Become conscious of how your imagination works, and realize that your thoughts translates into words, translates into actions.
For further reading check out this great article by Anna Holmes of The New Yorker White Until Proven Black: Imagining Race in Hunger Games
An addendum
Some have rightfully asked me to speak to the fact that Zimmerman’s ethnicity has been questioned. There has been an argument floating around that because Zimmerman is part (or full) Hispanic, that this somehow cancels out the fact that the murder was racially motivated since “Zimmerman is a racial minority himself.” This is my response to that argument:
Racist prejudice touches us all, how could it not when we live in a society that constantly offers up some groups as more worthy, more intelligent, more beautiful than others? Therefore, despite the fact that Zimmerman is part (or full) Hispanic this racially motivated attack is PROOF that a constant indoctrination of racist stereotype has the ability to seep into the minds of all bodies and manifests itself in physical violence.
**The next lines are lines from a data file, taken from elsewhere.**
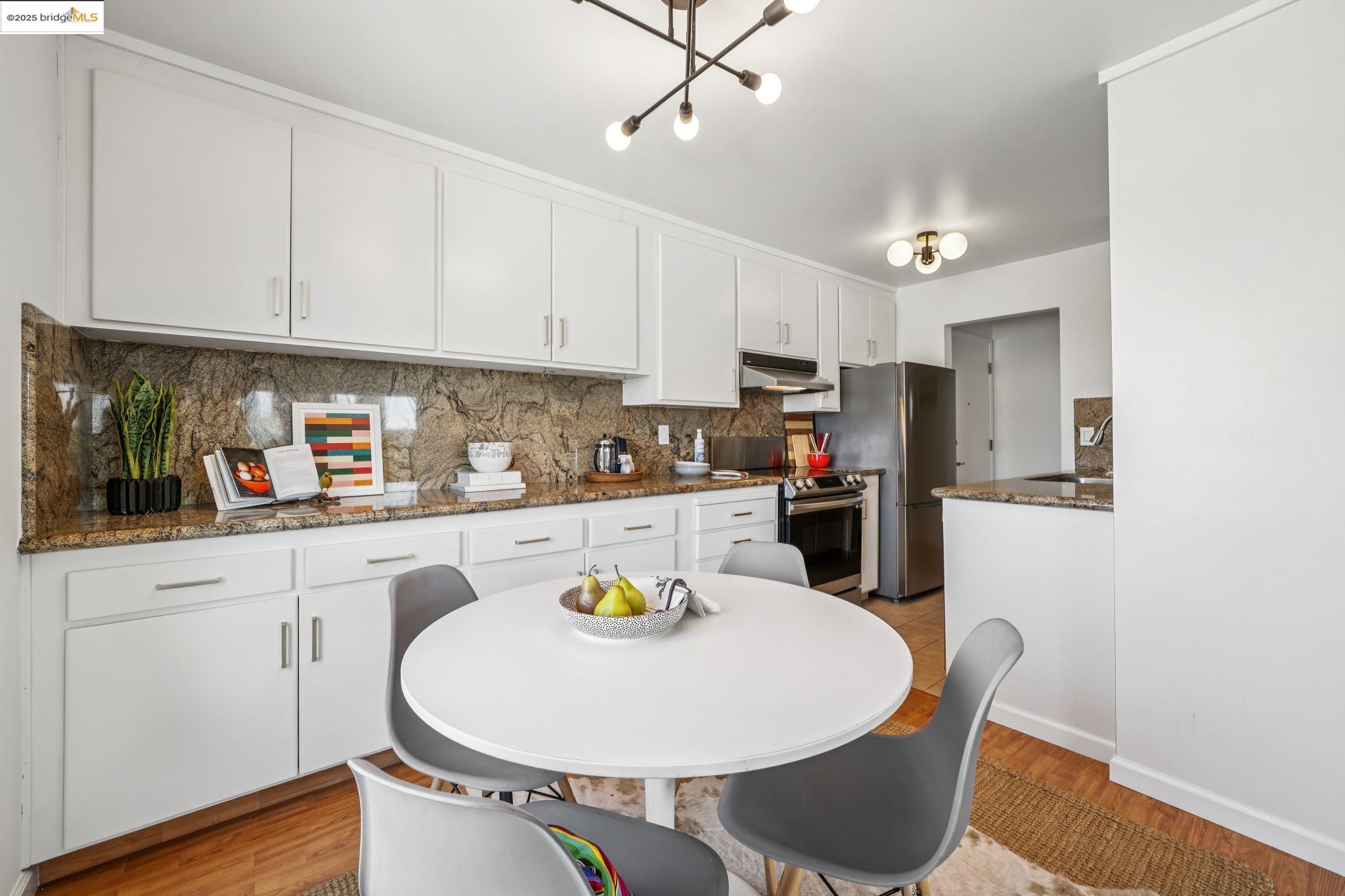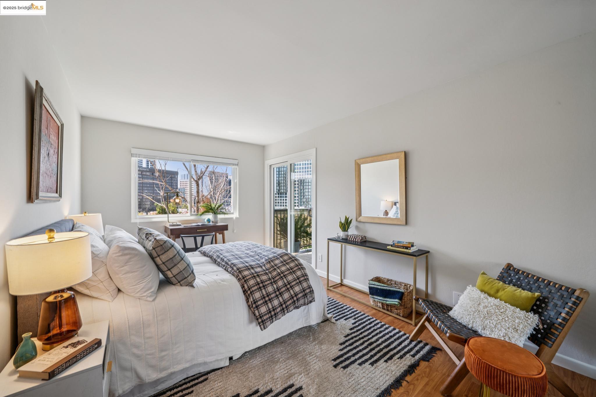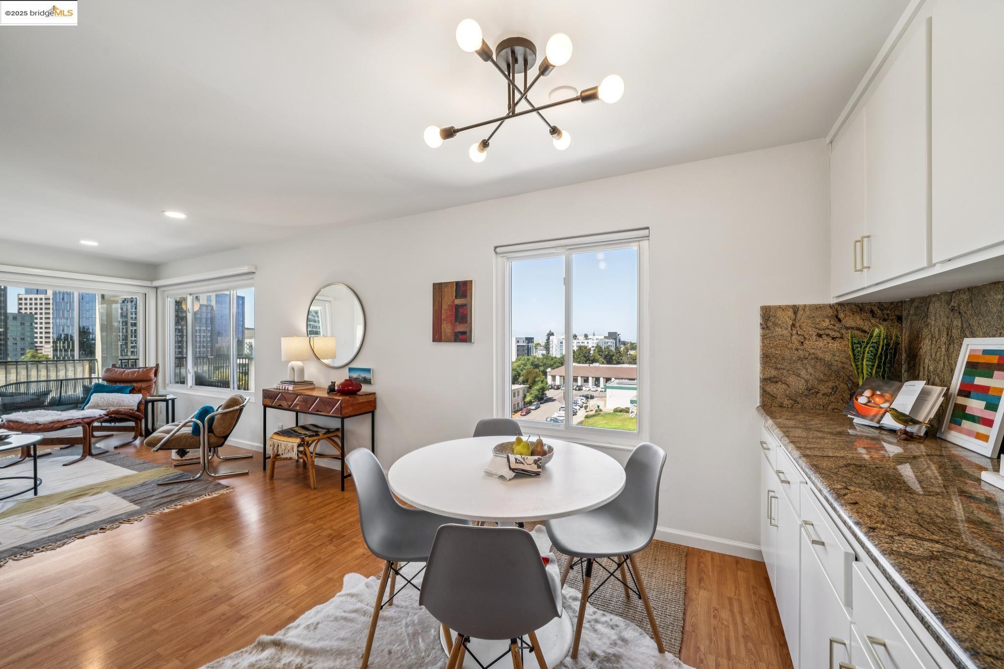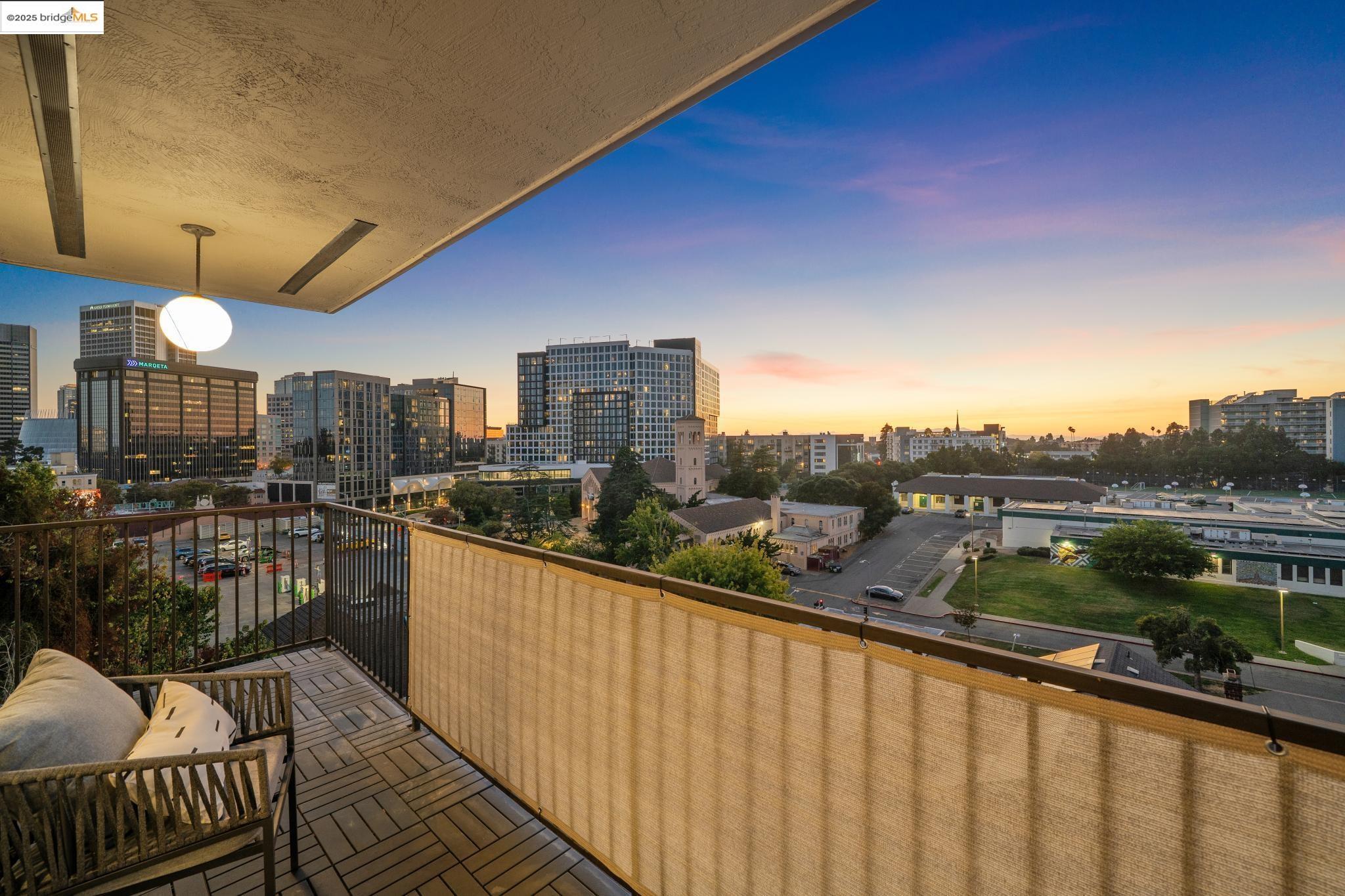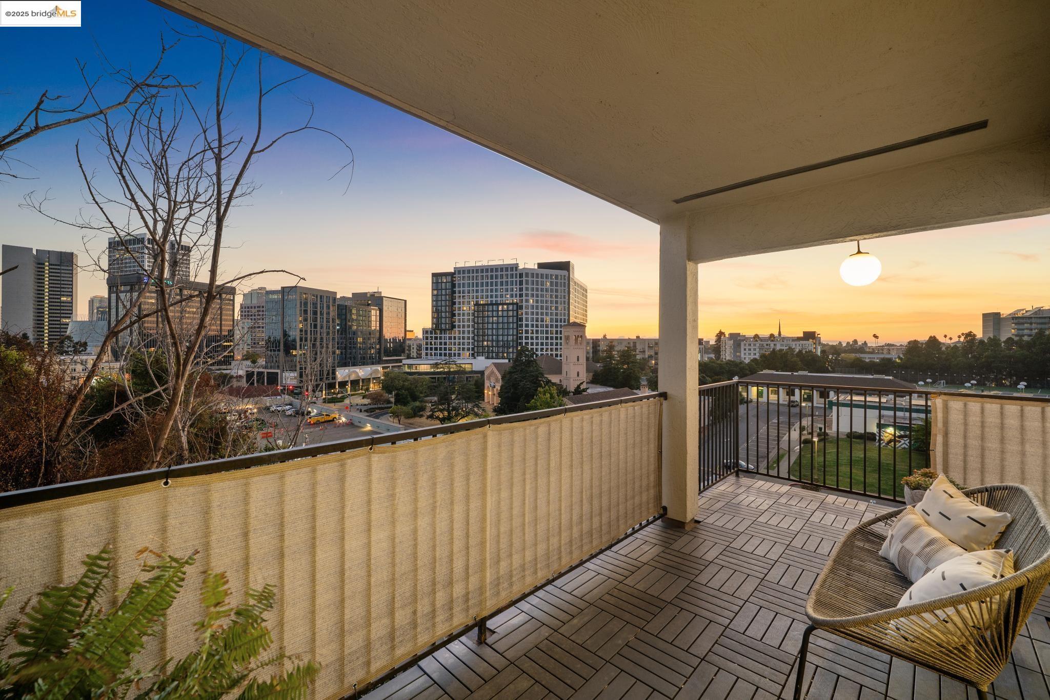 Welcome to 85 Vernon Street #208, a beautiful rear corner unit with captivating views and an oversized wraparound balcony in Adams Point. The living room invites you to unwind and enjoy the seamless flow from the dining area out to the balcony, the perfect place to host gatherings or enjoy quiet dinners. The kitchen is a chef's delight, featuring granite countertops, updated cabinetry, and an induction range. This serene private space offers commanding views of historic buildings, city lights, and lush trees, making it an ideal spot for your morning coffee or tea, or evening relaxation as the sun sets over the city. The spacious primary suite is a comforting haven with two closets and an updated bathroom. A bright second bedroom with direct balcony access further accentuates the indoor-outdoor living experience. Additional storage spaces maximize comfort and functionality. The solar-powered building underscores a commitment to sustainability and includes secure parking, two elevators, and intercom access. Minutes from Lake Merritt, you're at the center of one of Oakland's most desirable neighborhoods. Whole Foods, Grand Lake Farmers Market, local shops, and easy BART and freeway access make travel throughout the Bay Area effortless. Your new chapter awaits!
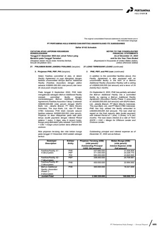 PT Pertamina Hulu Energi %u2022 Annual Report 695The original consolidated financial statements included herein are in the Indonesian language.PT PERTAMINA HULU ENERGI DAN ENTITAS ANAKNYA/AND ITS SUBSIDIARIESDaftar 5/142 ScheduleCATATAN ATAS LAPORAN KEUANGANKONSOLIDASIANTanggal 31 Desember 2023 dan untuk Tahun yang Berakhir pada Tanggal Tersebut(Disajikan dalam ribuan dolar Amerika Serikat,kecuali dinyatakan lain)NOTES TO THE CONSOLIDATEDFINANCIAL STATEMENTSAs of December 31, 2023and for the Year Then Ended(Expressed in thousands of United States dollars,unless otherwise stated)27. PINJAMAN BANK JANGKA PANJANG (lanjutan) 27.LONG TERM BANK LOANS (continued)3. Pinjaman PHE, PEP, PHI (lanjutan) 3. PHE, PEP, and PHI Loan (continued)Selain Fasilitas committed di atas, di dalam Facility Agreement ini juga dilengkapi dengan fasilitas uncommitted berupa Bolt-on Additional Facility (Fasilitas Accordion) dengan plafon sebesar AS$900.000.000 (nilai penuh) dan tenor 24 (dua puluh empat) bulan.In addition to the committed facilities above, this Facility Agreement is also equipped with an uncommitted facility in the form of a Bolt-on Additional Facility (Accordion Facility) with a ceiling of US$900,000,000 (full amount) and a tenor of 24 (twenty-four) months.Pada tanggal 9 September 2022, PHE telah mengaktivasi sebagian Bolt-on Additional Facility menjadi committed facility dengan menandatangani Bolt-on Additional Facility Agreement (Fasilitas Accordion Tahap 1) sebesar AS$300.000.000 (nilai penuh) dengan MUFGBank, Ltd., Jakarta Branch, PT Bank Mizuho Indonesia, The Joyo Bank, Ltd., dan PT Bank CTBC Indonesia. PHE telah menarik seluruh fasilitas sebesar AS$300.000.000 (nilai penuh). Pinjaman ini akan dibayarkan pada saat jatuh tempo (bullet payment) dengan Interest Periodselama 1 (satu), 3 (tiga), atau 6 (enam) bulan. Bunga yang dikenakan yaitu sebesar Term SOFR + CAS + margin untuk sumber dana offshore dan onshore.On September 9, 2022, PHE has partially activated the Bolt-on Additional Facility into a committed facility by signing a Bolt-on Additional Facility Agreement (Accordion Facility Phase 1) amounted to US$300,000,000 (full amount) with MUFG Bank, Ltd., Jakarta Branch, PT Bank Mizuho Indonesia, The Joyo Bank, Ltd., and PT Bank CTBC Indonesia. PHE has fully utilised the facility amounted to US$300,000,000 (full amount). The loan shall be repaid on the final maturity date (bullet payment) with Interest Period of 1 (one), 3 (three), or 6 (six) months. The loan bears interest at a rate of Term SOFR + CAS + Margin for Offshore Lender and Onshore Lender.Nilai pinjaman terutang dan nilai beban bunga pada tanggal 31 Desember 2023 adalah sebagai berikut:Outstanding principal and interest expense as of December 31, 2023 are as follows:Deskripsi/DescriptionEntitas/ EntityPinjaman Terutang (AS$)(nilai penuh)/Outstanding Principal (US$) (full amount)Beban Bunga (AS$) (nilai penuh)/Interest Expense (US$)(full amount)Fasilitas/Facility A1 -5 tahun/yearsPHEPEPPHI427.680.000311.040.000583.200.00031.936.809 23.226.770 43.840.920Fasilitas/Facility A2 -7 tahun/yearsPEP 338.400.000 24.709.981 Fasilitas/Facility B1 -2 tahun/yearsPHE 400.000.000 22.994.562Bolt-on Additional Facility (Accordion Phase 1) - 2 tahun/yearsPHE 300.000.000 18.341.659Jumlah/Total 2.360.320.000 165.050.701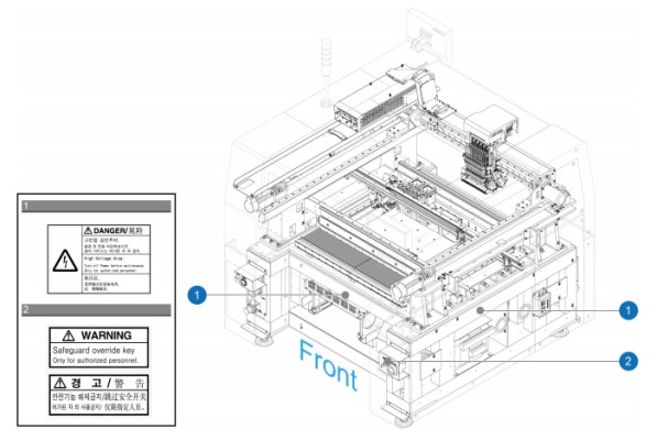Figure1.1 Safety labels attached on the front part of the machine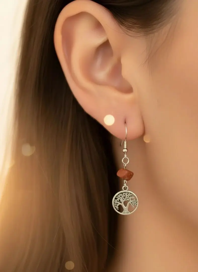 Earthy and elegant, these earrings feature a warm reddish-brown stone bead and a circular metallic pendant with a Tree of Life design. Symbolizing growth and nature, they offer a meaningful accent with boho charm.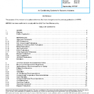 This SAE Aerospace Recommended Practice (ARP) contains guidelines and recommendations for subsonic airplane air conditioning systems and components, including requirements, design philosophy, testing, and ambient conditions.

We cannot deny this, to deny this is to be complicit in a system that not only degrades the value of People of colour, but also PITS people of colour against each other, giving more privilege to some groups and less to others, so that we can continue to oppress ourselves on top of bring oppressed by a system that privileges White bodies. There is a need for ALL anti-racist people (People of colour and White) to ADMIT that this system exists. To my anti-racist White activists, aspiring anti-racist White activists and White people committed to living a racist free life, you must remember that to have white skin does not mean that one has to uphold White superiority. Just as my heterosexuality does not mean that I uphold heteronormativity and homophobia. Just as I willingly admit my privilege as a heterosexual woman, it is imperative that anti-racist White people admit that this society DOES privilege them for having White skin in order for them to work alongside (and not on top) of People of Colour in this fight to end racism.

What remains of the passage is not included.